Clocking 12:12, "Specter of Ruin" and "Perpetual Passage" at 15:30 sandwich Spirit Adrift's debut 12-inch, Behind – Beyond. The A-side loosens a new summoner from the grand canyon of doom, a mid-tenor commanding deep gravitas over a Seventies/Nineties sonic rupture inlaid with weightless atmospherics. Contemporary in production, thrust, and sheer voltage, the EP vibrates a timeworn permanence.

Likewise, its follow-up LP, 2016's Chained to Oblivion, also on Los Angeles metal forge Prosthetic Records, radiates an equally deathless vitality. Massive monument to sound and fission, its five tracks lower a bottomless boom both lyrically and instrumentally, a canonical text of premonition and detonation.
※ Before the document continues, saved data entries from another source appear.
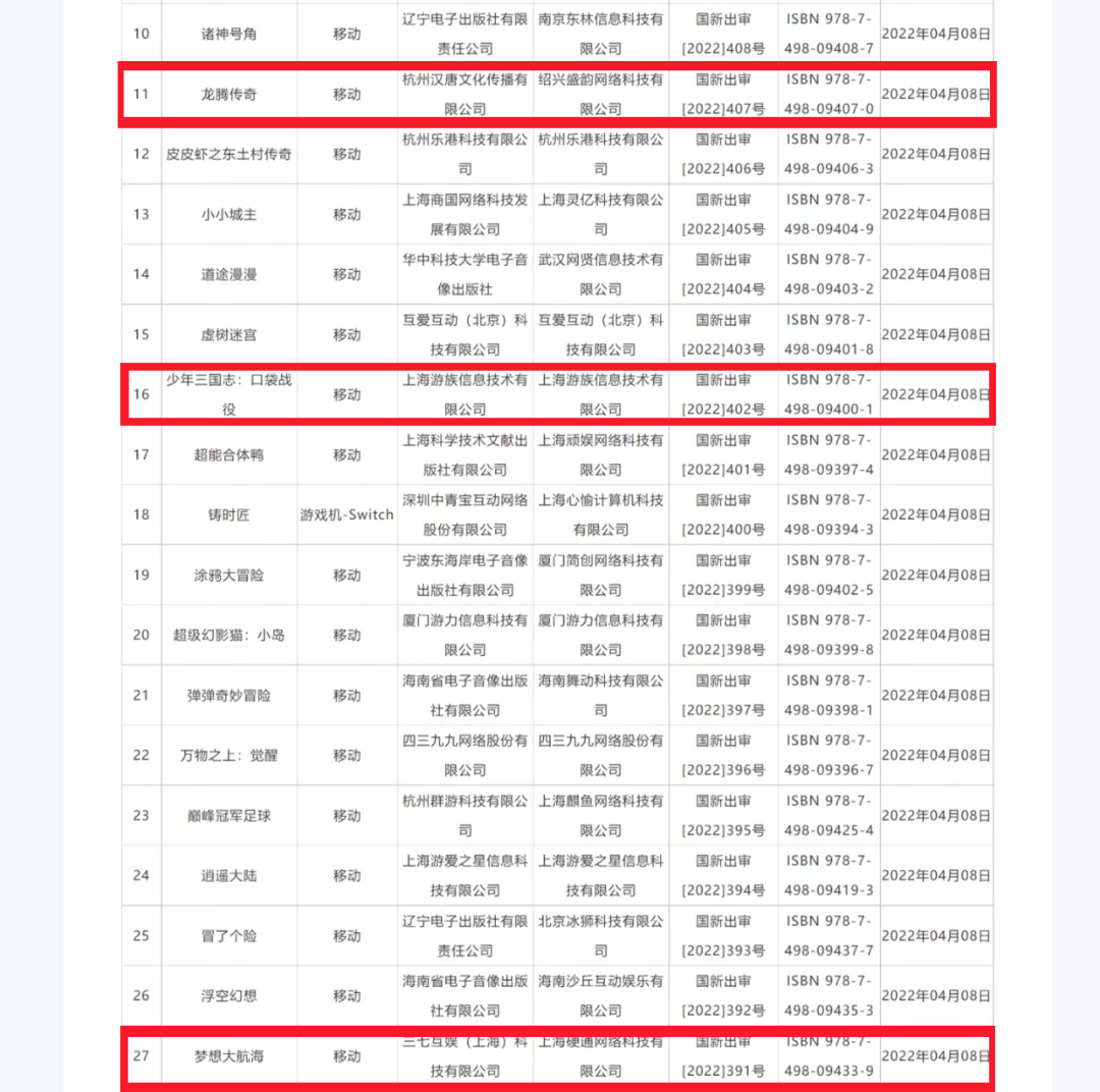 此前,新的一批国产网络游戏审批信息发布,三七互娱(002555.SZ)的《梦想大航海》、游族网络(002174.SZ)的《少年三国志:口袋战役》、恺英网络(002517.SZ)的《龙腾传奇》等45款游戏过审。反垄断大背景下,本轮版号过审集中于中小企业。其中,三七互娱位于行业肩部,恺英网络与游族网络为腰部公司。
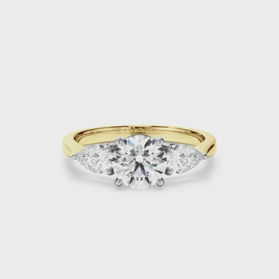 Round Brilliant Cut Diamond Engagement Ring With Pear Cut Diamond Sides
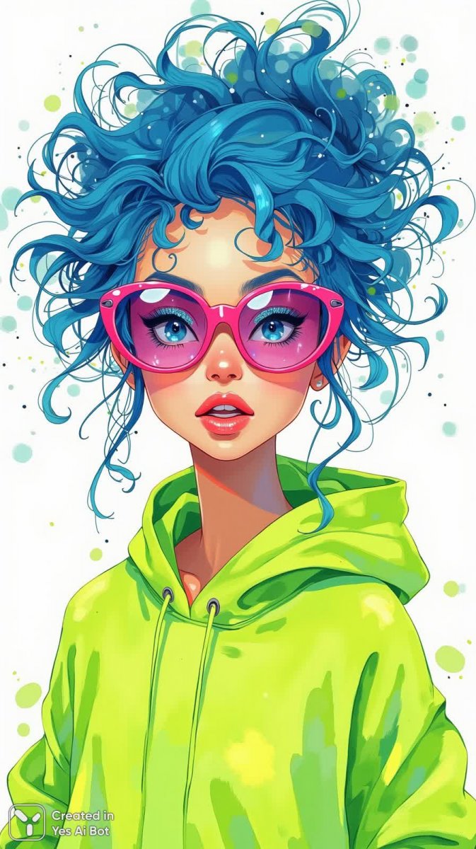 young woman with wild blue curly hair, wearing neon green oversized hoodie and large pink sunglasses, bold makeup with glittering blue and yellow accents, playful expression looking directly at camera, BG is solid white color, vibrant and fresh mood.
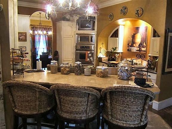 Frenchman's Bend! Owners are contractor/decorator & it shows! Cast stone FP & faux stone archway. Kitchen with Jen-Air SS appl.
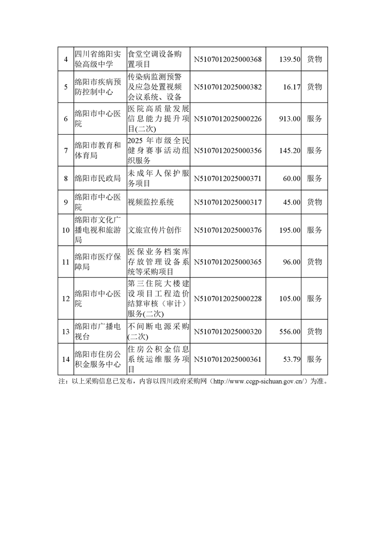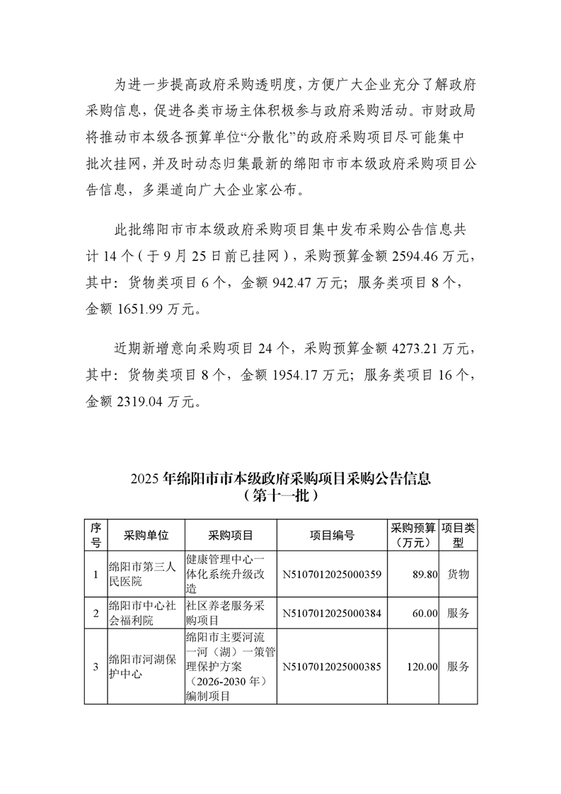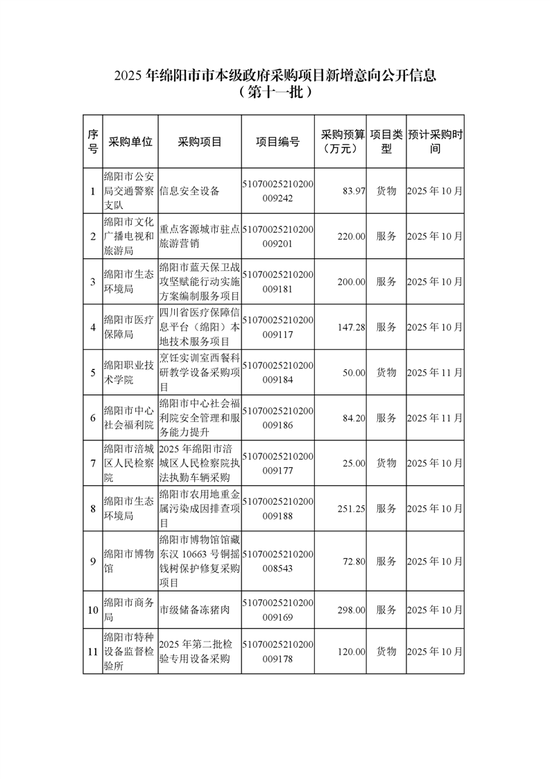 38個(gè)政府采購項(xiàng)目的“機(jī)會清單”出爐?。?025年第十一批)綿陽市市本級政府采購項(xiàng)目信息動態(tài)(2025年第十一波)
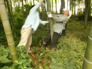 午後12:45に学校へ集合し、会員知り合いの竹林へ向かいました。
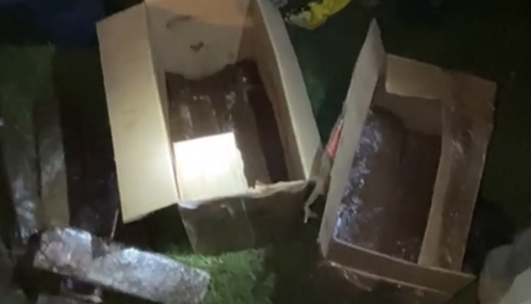 Com o auxílio do cão farejador BARUK, foram encontradas duas caixas contendo “22 tabletes de maconha” que estava no bagageiro do ônibus.
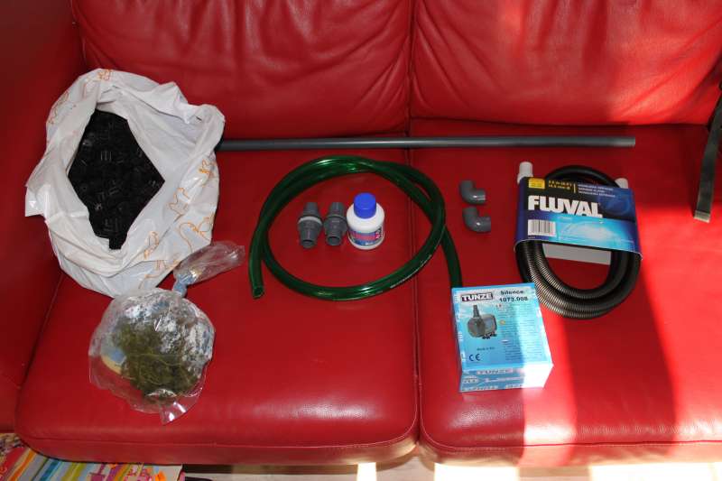 Pumpen kostede 359.- De to gennemføringer 200.- Lim 100.- Biobolde 75.- Slanger 150.- Rør og bøjninger 75.- Lille eheim cirkulationspumpe pume 129.- (dog ikke på billedet!) Ialt 1088.- :rolleyes:

Nearly 10-minute launch "Psychic Tide" bursts a liquid crystal compass of shred, pointillism, and anthemics surfing their own stairway to heaven.

"We did the EP in a day, day-and-a-half," estimates Garrett. "Then I had the next one. It was like a dam broke open. I felt barely tethered to the earth, but all of these songs kept coming out. It was intense, just me and the guy who engineered it and mixed it, but I played everything on the EP and full-length.

"Chained to Oblivion is by far our most complex album. It's so layered people don't realize every guitar solo except for one is harmonized. Every guitar solo. And I actually played it. I didn't use an effect to harmonize the guitar. I wrote the solo out, then I figured out the harmony of every single note and bend and everything in every solo, and then I played the harmony.

"I had it all tabbed out. Sometimes there's six guitar tracks going at once and they're each playing two or three different notes, and when you put it all together, it forms a giant chord, but that's every note of the whole section. And every vocal is harmonized except for one chorus. I was listening to Uncle Acid & the Deadbeats at the time. They do Beatles harmonies where they're both singing the whole time, harmonies.

"I was like, 'Lemme do that.'"

Obey Your Master, Your Life Burns Faster

Piloting the Pallbearer van one day on tour with Baroness, Garrett shit-talked the idea of riffing off not a favorite chord progression, but the greatest metal album of all time. Sophomore Spirit Adrift album Curse of Conception (2017) thus pivots "Earthbound" to the graves on Metallica's Master of Puppets. For Divided by Darkness, its conceptualist undertook a health regimen to counteract the emotional toll of a song cycle about humanity torn apart by its powers that be.

Today's fourth long-player spells out the group's alphabetical evolution via the song titles alone: "Ride Into the Light," "Cosmic Conquest," "Harmony of the Spheres, "Stronger Than Your Pain." Prophetic certitude, technical supremacy, compositional convocation, Enlightened by Eternity gallops Spirit Adrift's rousing apex. Not a misspent note, lick, or sentiment treads therein.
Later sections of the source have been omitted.